* Records shown
++++++++++
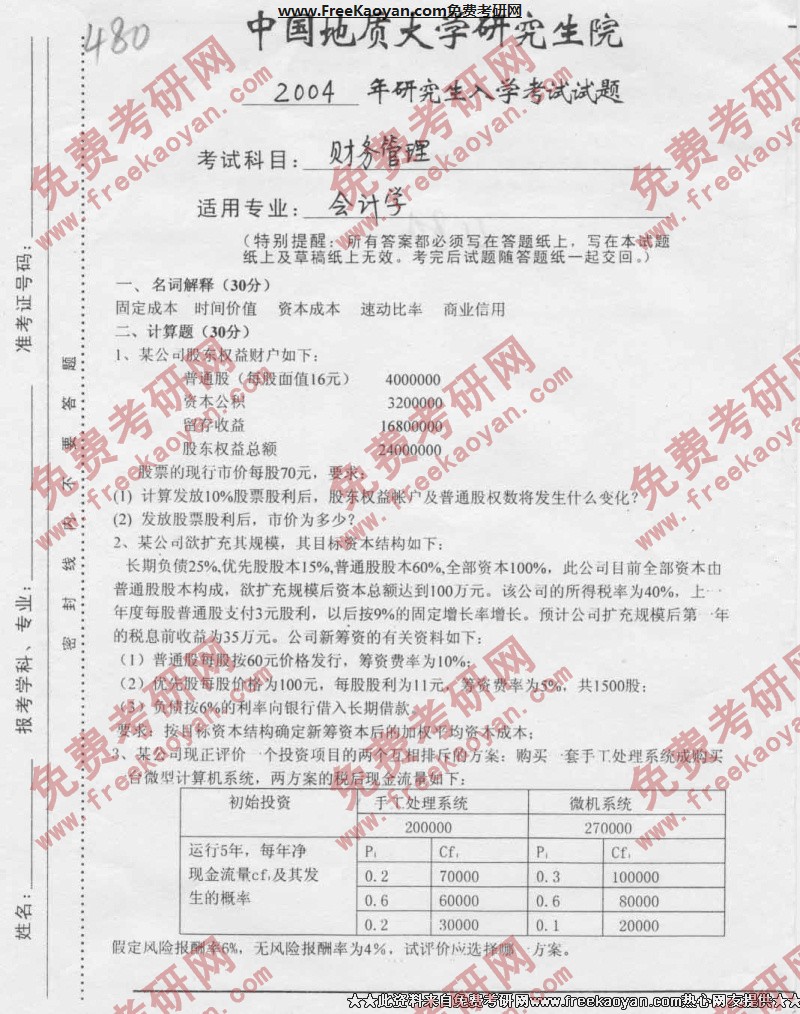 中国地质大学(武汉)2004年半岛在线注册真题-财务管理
++++++++++
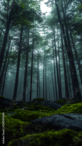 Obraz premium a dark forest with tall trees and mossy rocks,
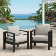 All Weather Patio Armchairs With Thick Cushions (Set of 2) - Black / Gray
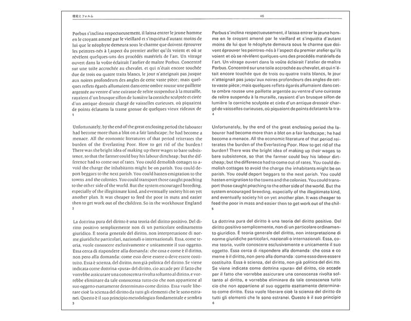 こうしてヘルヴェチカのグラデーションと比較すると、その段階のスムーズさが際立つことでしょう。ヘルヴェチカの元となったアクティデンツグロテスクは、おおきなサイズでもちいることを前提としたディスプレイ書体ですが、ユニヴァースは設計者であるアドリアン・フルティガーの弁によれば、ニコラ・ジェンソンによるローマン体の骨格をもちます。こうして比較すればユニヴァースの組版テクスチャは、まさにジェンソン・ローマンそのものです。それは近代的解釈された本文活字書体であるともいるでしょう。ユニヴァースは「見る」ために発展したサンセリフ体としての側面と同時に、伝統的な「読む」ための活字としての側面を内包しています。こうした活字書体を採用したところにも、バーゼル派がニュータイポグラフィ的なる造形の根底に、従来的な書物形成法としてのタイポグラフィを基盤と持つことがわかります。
++++++++++
Using the entries above, repeat exactly the lines from the one with "All Weather Patio" to the one with "こうしてヘルヴェチカのグラデ", both included, and leave the pictures behind.

* Response area
 All Weather Patio Armchairs With Thick Cushions (Set of 2) - Black / Gray
 こうしてヘルヴェチカのグラデーションと比較すると、その段階のスムーズさが際立つことでしょう。ヘルヴェチカの元となったアクティデンツグロテスクは、おおきなサイズでもちいることを前提としたディスプレイ書体ですが、ユニヴァースは設計者であるアドリアン・フルティガーの弁によれば、ニコラ・ジェンソンによるローマン体の骨格をもちます。こうして比較すればユニヴァースの組版テクスチャは、まさにジェンソン・ローマンそのものです。それは近代的解釈された本文活字書体であるともいるでしょう。ユニヴァースは「見る」ために発展したサンセリフ体としての側面と同時に、伝統的な「読む」ための活字としての側面を内包しています。こうした活字書体を採用したところにも、バーゼル派がニュータイポグラフィ的なる造形の根底に、従来的な書物形成法としてのタイポグラフィを基盤と持つことがわかります。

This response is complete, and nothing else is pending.